The scientists do their best to generate approximations in the face of uncertainty, and they’re open about the limitations of their estimates in the study. Do Lloyd and Cumming declare the same information in their article? Not really:
“But an AGL spokesman said the report had “shown no significant impact on threatened species”. The company said overall estimates of bird and bat mortality “are subject to several sources of bias which may result in inaccurate estimates””
What? ‘The company’ said that? Those words come directly from the report. Lloyd is making out that the company is begrudgingly criticising the findings of the scientists, when really, they’re simply quoting the uncertainty declared in the report, as Lloyd has spectacularly failed to do in his article.
Another of Cumming’s multitudinous angles of attack against wind energy is the survival of the brolga:
“All of Australia’s GHG is now less than 1% of the world’s emissions, wind farms in Australia will not reduce the global GHG emissions by any measurable amount. Wind farms will however displace Brolga from their habitat, threatening their survival”
AGL commissioned a separate environmental firm, Biosis, to review the veracity of their Macarthur report:
“Biosis found that the collision mortality rates at Macarthur wind farm are ‘not high relative to other wind farms’.” Key findings of the monitoring research found no brolga deaths and the protected species had successfully bred on the wind farm and continued to return to the site”

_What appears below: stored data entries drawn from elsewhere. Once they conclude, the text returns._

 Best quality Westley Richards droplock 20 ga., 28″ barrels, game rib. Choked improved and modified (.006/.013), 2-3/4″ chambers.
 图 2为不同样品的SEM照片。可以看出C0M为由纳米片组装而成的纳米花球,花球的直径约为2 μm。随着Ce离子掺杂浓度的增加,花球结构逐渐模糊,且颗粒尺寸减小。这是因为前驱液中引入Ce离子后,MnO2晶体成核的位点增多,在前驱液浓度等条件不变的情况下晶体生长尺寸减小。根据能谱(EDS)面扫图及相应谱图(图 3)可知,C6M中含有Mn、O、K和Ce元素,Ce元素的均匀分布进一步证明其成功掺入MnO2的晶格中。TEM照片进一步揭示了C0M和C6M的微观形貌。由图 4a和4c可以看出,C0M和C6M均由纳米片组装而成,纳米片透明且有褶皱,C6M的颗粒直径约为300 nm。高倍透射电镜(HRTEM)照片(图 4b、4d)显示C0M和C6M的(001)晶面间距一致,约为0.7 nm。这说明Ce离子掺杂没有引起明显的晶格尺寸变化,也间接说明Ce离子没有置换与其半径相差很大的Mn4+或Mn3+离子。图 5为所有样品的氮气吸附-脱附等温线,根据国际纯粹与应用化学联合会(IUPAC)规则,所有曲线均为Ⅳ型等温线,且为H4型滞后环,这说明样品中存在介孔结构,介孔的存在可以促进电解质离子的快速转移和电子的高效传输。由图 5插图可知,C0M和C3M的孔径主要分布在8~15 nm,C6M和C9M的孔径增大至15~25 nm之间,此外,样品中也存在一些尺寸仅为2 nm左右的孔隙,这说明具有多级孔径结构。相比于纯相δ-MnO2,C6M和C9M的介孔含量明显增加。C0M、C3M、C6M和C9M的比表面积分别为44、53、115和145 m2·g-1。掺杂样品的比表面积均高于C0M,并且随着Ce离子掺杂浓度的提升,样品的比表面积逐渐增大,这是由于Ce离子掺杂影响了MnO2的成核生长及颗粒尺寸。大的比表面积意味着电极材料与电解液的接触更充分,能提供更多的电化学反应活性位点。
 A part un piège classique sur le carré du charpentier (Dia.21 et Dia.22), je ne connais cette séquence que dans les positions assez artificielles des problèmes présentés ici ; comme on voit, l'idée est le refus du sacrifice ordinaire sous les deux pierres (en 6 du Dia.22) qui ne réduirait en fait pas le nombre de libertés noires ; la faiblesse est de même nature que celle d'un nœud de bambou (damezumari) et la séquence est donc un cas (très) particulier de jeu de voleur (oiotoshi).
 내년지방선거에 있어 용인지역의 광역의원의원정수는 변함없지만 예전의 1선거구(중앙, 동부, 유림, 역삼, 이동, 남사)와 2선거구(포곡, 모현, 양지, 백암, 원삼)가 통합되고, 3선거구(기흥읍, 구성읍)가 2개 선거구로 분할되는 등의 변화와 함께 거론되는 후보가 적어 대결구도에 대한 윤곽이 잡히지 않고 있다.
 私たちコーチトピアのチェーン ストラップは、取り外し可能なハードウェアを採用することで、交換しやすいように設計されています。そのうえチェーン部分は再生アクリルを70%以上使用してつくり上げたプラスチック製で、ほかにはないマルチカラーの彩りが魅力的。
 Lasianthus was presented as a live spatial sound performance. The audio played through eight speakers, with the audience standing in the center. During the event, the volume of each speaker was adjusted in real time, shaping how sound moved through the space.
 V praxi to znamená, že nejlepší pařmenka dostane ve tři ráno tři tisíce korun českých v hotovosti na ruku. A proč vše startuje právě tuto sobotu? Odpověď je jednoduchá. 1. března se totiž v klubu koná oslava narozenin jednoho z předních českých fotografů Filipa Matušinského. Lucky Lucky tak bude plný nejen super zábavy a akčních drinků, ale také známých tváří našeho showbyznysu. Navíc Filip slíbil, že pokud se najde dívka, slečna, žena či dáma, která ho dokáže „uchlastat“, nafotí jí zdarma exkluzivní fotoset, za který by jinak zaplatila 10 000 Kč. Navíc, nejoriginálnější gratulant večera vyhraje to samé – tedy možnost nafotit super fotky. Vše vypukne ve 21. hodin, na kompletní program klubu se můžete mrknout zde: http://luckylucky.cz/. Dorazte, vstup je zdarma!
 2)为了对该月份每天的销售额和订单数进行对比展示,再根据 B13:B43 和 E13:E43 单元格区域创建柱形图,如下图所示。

Significantly, Cumming’s focus on the preservation of the Brolga isn’t included in Lloyd’s article. Presumably, it distracts from the narrative, somewhat. A science communication writer wrote on uncertainty at The Conversation recently: “Genuine researchers are those rare individuals who have come to terms with their uncertainty and confront it on a daily basis”. This is true; but I’d append a further feature of uncertainty.Those who seek to erode research and damage science use uncertainty as a blank substrate for fear and anger.
As an avian ecologist pointed out on ABC Radio National’s Ockham’s Razor:
“Wind farms are one of the few sources of impacts to birds and bats that are being systematically monitored. Most other forms of energy generation do not monitor impacts. Nor do we have widespread systematic monitoring of all the other human-related activities that we inflict on species – such as collisions with cars, powerlines, windows, poisoning, shooting, pollution etc.”

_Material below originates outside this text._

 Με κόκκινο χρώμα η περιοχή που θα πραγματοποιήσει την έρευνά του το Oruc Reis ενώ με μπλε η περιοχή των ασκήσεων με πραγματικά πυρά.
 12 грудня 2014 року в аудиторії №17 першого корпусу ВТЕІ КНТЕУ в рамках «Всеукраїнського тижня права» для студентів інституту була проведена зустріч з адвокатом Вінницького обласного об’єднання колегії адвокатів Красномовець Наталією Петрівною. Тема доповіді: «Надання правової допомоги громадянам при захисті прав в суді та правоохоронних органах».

By presenting estimates of bird mortality without any context, such as monitoring conducted at a coal-fired power station or a gas-fired power station, Lloyd and Cumming together work to damage efforts by scientists to directly address the issue of avian impact.They’re making it harder for scientists to publish work without it being co-opted and misquoted and tarred with the brush of anti-wind groups. Uncertainty and estimation ends up under the wheels of the narrative.
“Environmentalists and environmental scientists have criticized wind energy in various forums for its negative impacts on wildlife, especially birds. This article highlights that nuclear power and fossil-fuelled power systems have a host of environmental and wildlife costs as well, particularly for birds. Therefore, as a low-emission, low-pollution energy source, the wider use of wind energy can save wildlife and birds as it displaces these more harmful sources of electricity”
Source + You can read a response to this paper here
So why won’t you see any articles about the impact of Australia’s coal-fired power stations on bird life? Well, fossil fuel companies aren’t required to do any monitoring or reporting, despite the likelihood their impact on wildlife is many times greater than that of wind energy.This is one field of uncertainty very likely to remain untouched by The Australian, Graham Lloyd, and Hamish Cumming. Can’t mess with the narrative, can we?